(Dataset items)
•••••

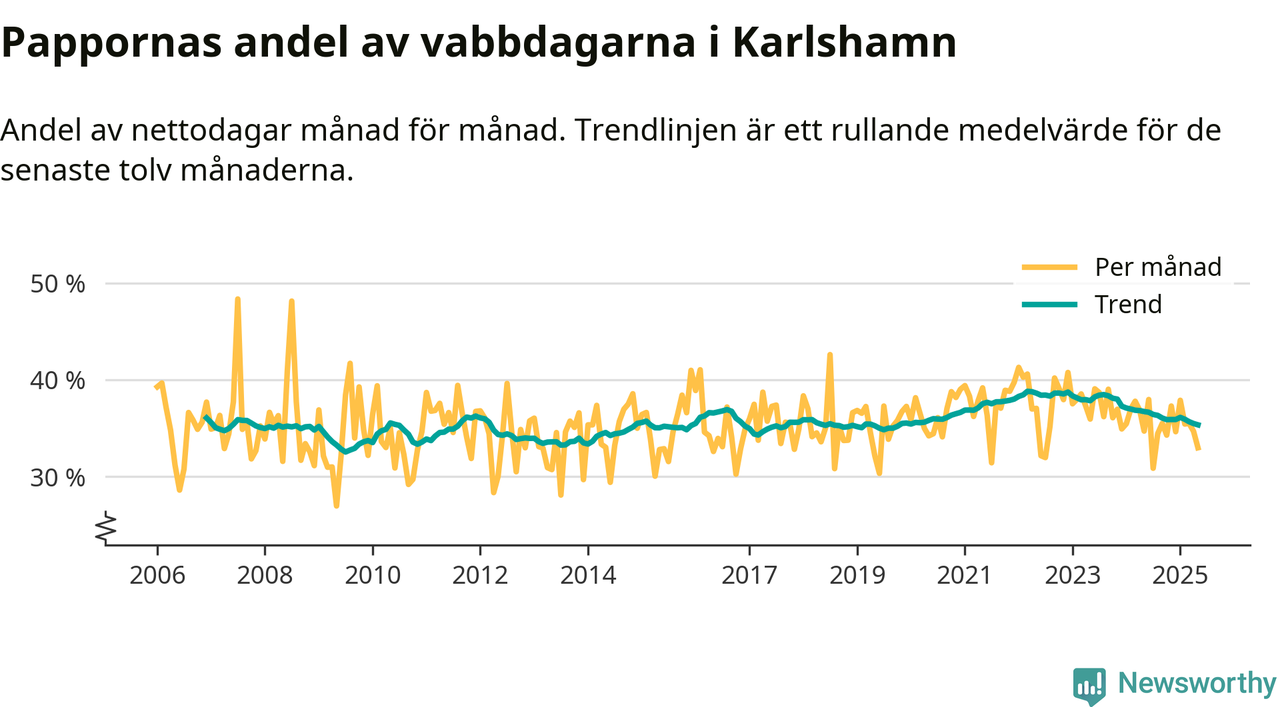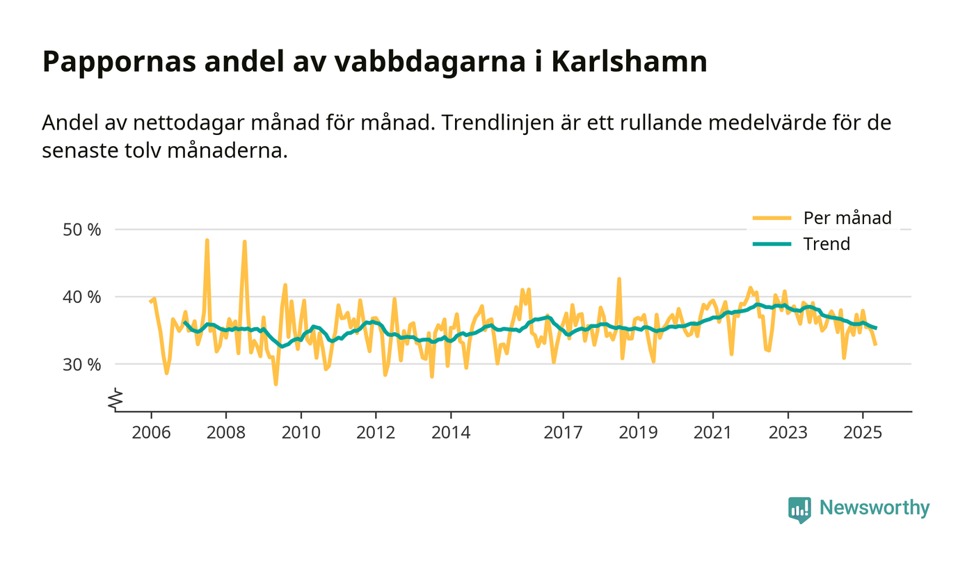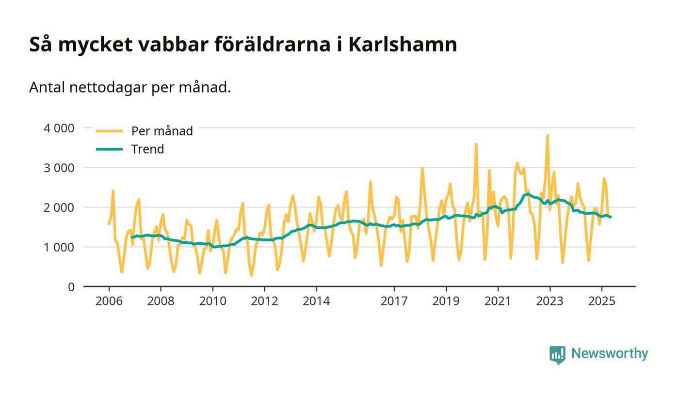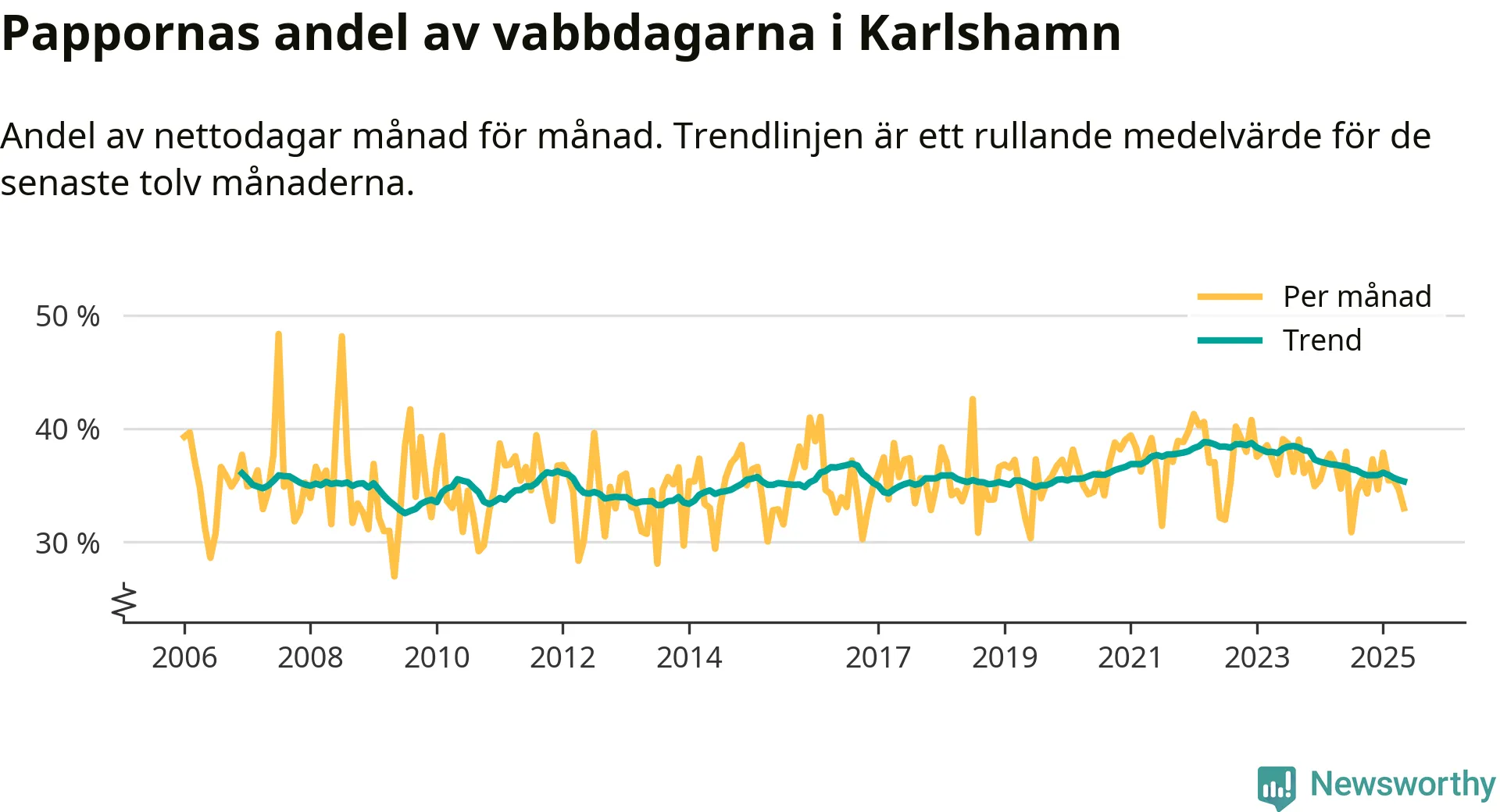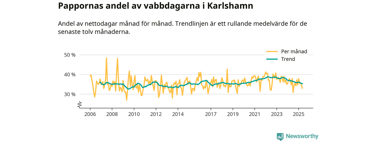 Karlshamn ligger en bit från ett jämställt uttag. Under de senaste tolv månaderna har männen stått för 35 procent av all vabb i kommunen. Det är en lägre andel än på nästan sex år.
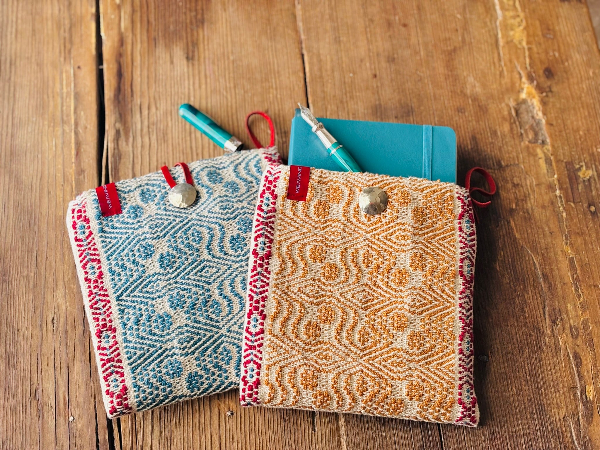 Bring your journal and pen on-the-go in style! Each of these handwoven pouches features a pattern reminiscent of Scandinavian holidays – secured with handforged nickel silver concho buttons custom made by FionaHandworks! 7 x 7 inches. 100% cotton with interior lining.
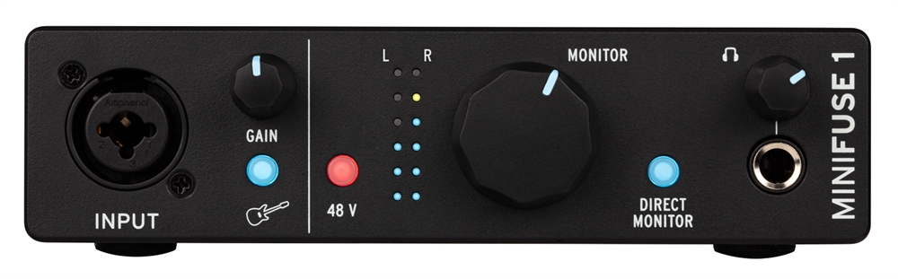 - Backlit controls: MiniFuse’s knobs light up in response to your input, turning red when the signal is too high
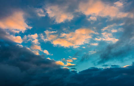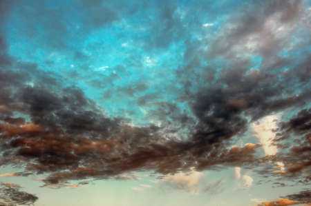 Dark stormy sky background with many colors. Natural dark clouds background.
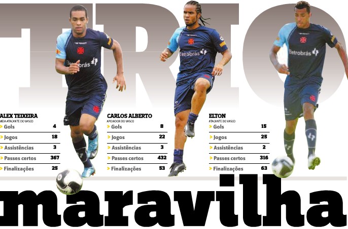 NETVASCO - 06/11/2009 - SEX - 09:04 - Vasco invicto quando jogam Alex Teixeira, Carlos Alberto e Élton juntosO Vasco tem nos jogadores mais badalados do elenco o seu grande trunfo para garantir a classificação para a Série A amanhã, contra o Juventude. Com Alex Teixeira, Carlos Alberto e Elton em campo, o Cruzmaltino ainda não foi derrotado na Segunda Divisão.
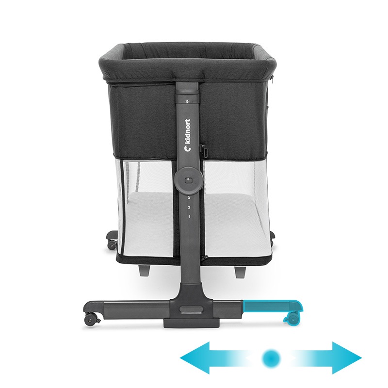 * Picioarele pneumatice permit mutarea patutului aproape de patul parintilor, asigurand o conexiune sigura. In plus, cele 4 roti cu blocare faciliteaza mutarea patutului si il blocheaza ferm in locul dorit, ceea ce creste confortul si functionalitatea.

•••••

Required action: Word for word, repeat the lines of data above, omitting every picture.

Response to this task:
 Karlshamn ligger en bit från ett jämställt uttag. Under de senaste tolv månaderna har männen stått för 35 procent av all vabb i kommunen. Det är en lägre andel än på nästan sex år.
 Bring your journal and pen on-the-go in style! Each of these handwoven pouches features a pattern reminiscent of Scandinavian holidays – secured with handforged nickel silver concho buttons custom made by FionaHandworks! 7 x 7 inches. 100% cotton with interior lining.
 - Backlit controls: MiniFuse’s knobs light up in response to your input, turning red when the signal is too high
 Dark stormy sky background with many colors. Natural dark clouds background.
 NETVASCO - 06/11/2009 - SEX - 09:04 - Vasco invicto quando jogam Alex Teixeira, Carlos Alberto e Élton juntosO Vasco tem nos jogadores mais badalados do elenco o seu grande trunfo para garantir a classificação para a Série A amanhã, contra o Juventude. Com Alex Teixeira, Carlos Alberto e Elton em campo, o Cruzmaltino ainda não foi derrotado na Segunda Divisão.
 * Picioarele pneumatice permit mutarea patutului aproape de patul parintilor, asigurand o conexiune sigura. In plus, cele 4 roti cu blocare faciliteaza mutarea patutului si il blocheaza ferm in locul dorit, ceea ce creste confortul si functionalitatea.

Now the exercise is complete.